Although all businesses may qualify for the SETC tax credits, Legacy Tax & Resolution Services can only process self-employed individuals now. To be eligible for the SETC tax credit, a self-employed individual must have self-employment income listed on line 6 of Schedule SE (2020 and 2021) and line 4 of Schedule SE (2019).
What is a Schedule C?
Schedule C is a tax form used by sole proprietors, single-member LLCs, and other self-employed individuals to report their business income and expenses. The form is filed as part of the individual’s income tax return (Form 1040), and it helps calculate the net profit or loss from the business, which is then used to determine the individual’s overall taxable income. Net income (line 31) from Schedule C calculates self-employment income on line 2 of Schedule SE (Form 1040).

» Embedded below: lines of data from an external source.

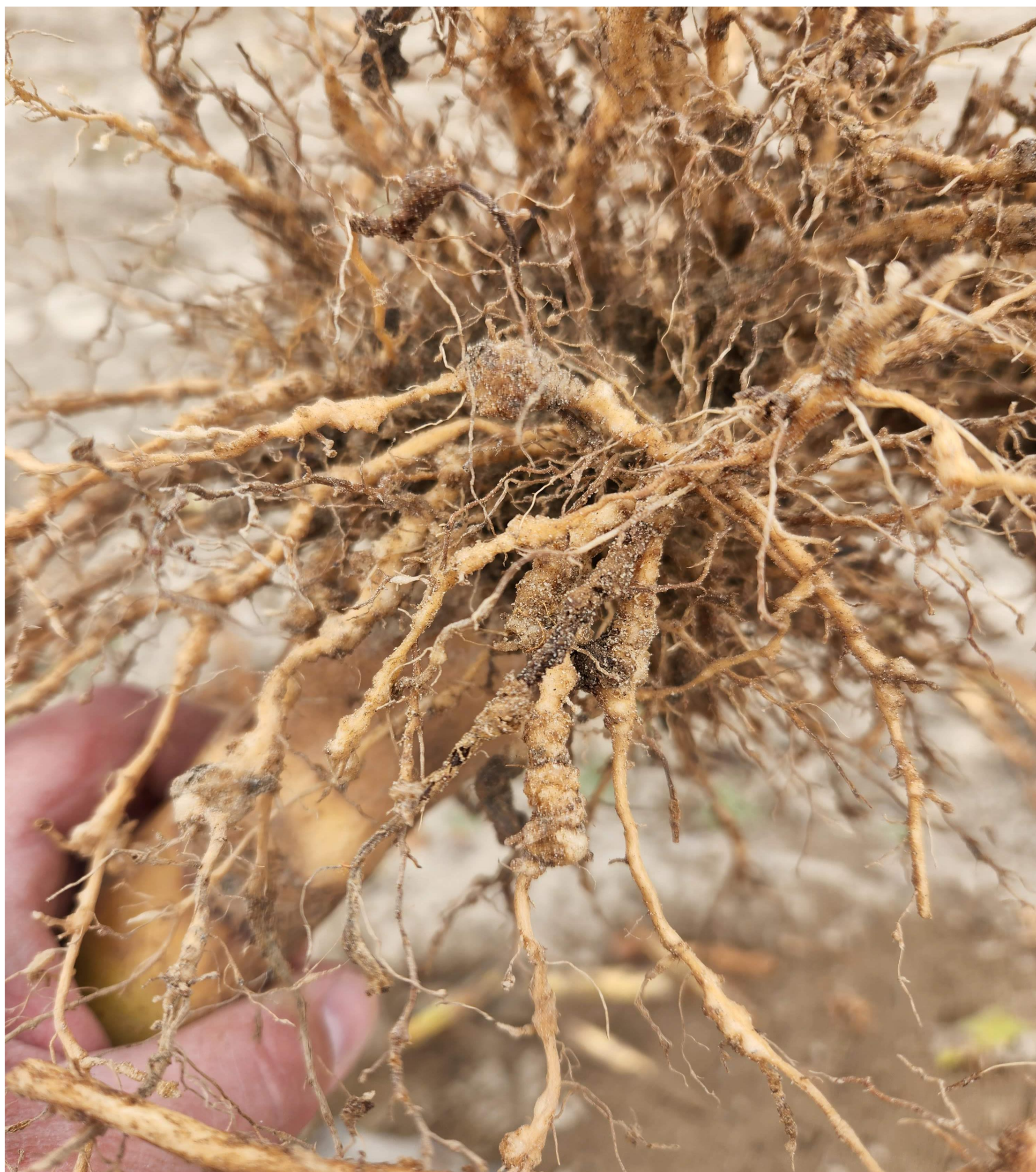
Figure 1. Tobacco roots with extensive galling caused by root-knot nematodes.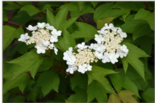
Redwing® American Cranberrybush flowers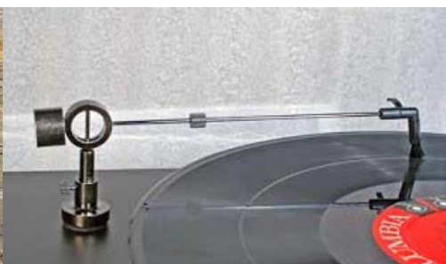
Rek-O-Kut Dust Bug Anti-Static Dust Remover

The SK-Filter looks remarkably similar to the Rek-O-Kut Dust Bug Anti-Static Dust Remover, but unlike the Rek-O-Kut, the actual Brush on the SK-Filter is set a level 1mm above the record surface and never comes into contact with the LP. Just like the SK-EX-III, the SK-Filter wards off the Static Goblin by using Thunderon®. The copper sulfide bonded acrylic fibers are said to be exhaustively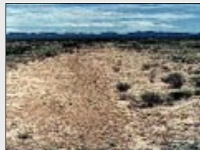
Aerial photo of El Camino Real, near Radium Springs, NM

Please watch for additional details in the Winter Roadrunner .

This does not appear in the application. However, it is essential to know that Schedule C feeds into the overall self-employment income calculation on Schedule SE (Form 1040).
What is a Form 7202?
IRS Form 7202 is a tax form used to claim the Families First Coronavirus Response Act (SETC) credits for self-employed individuals. This form must be completed to calculate the total amount of SETC credit self-employed individuals qualify for COVID-19-related reasons.
What is a Form 8821?
IRS Form 8821 is the Tax Information Authorization form. Taxpayers use this form to authorize the release of their tax information to a third party, such as a tax professional, for a specified period. Once signed, Form 8821 allows Legacy Tax & Resolution Services to pull your required tax information to accurately calculate your SETC credit and amend the 2020 and/ or 2021 tax returns to file for your SETC tax credits. This form does not authorize the designee to represent the taxpayer before the IRS; it only allows Legacy Tax & Resolution Services to receive and inspect confidential tax information. If representation before the IRS is necessary, a separate form, such as Form 2848 (Power of Attorney and Declaration of Representative), would be required.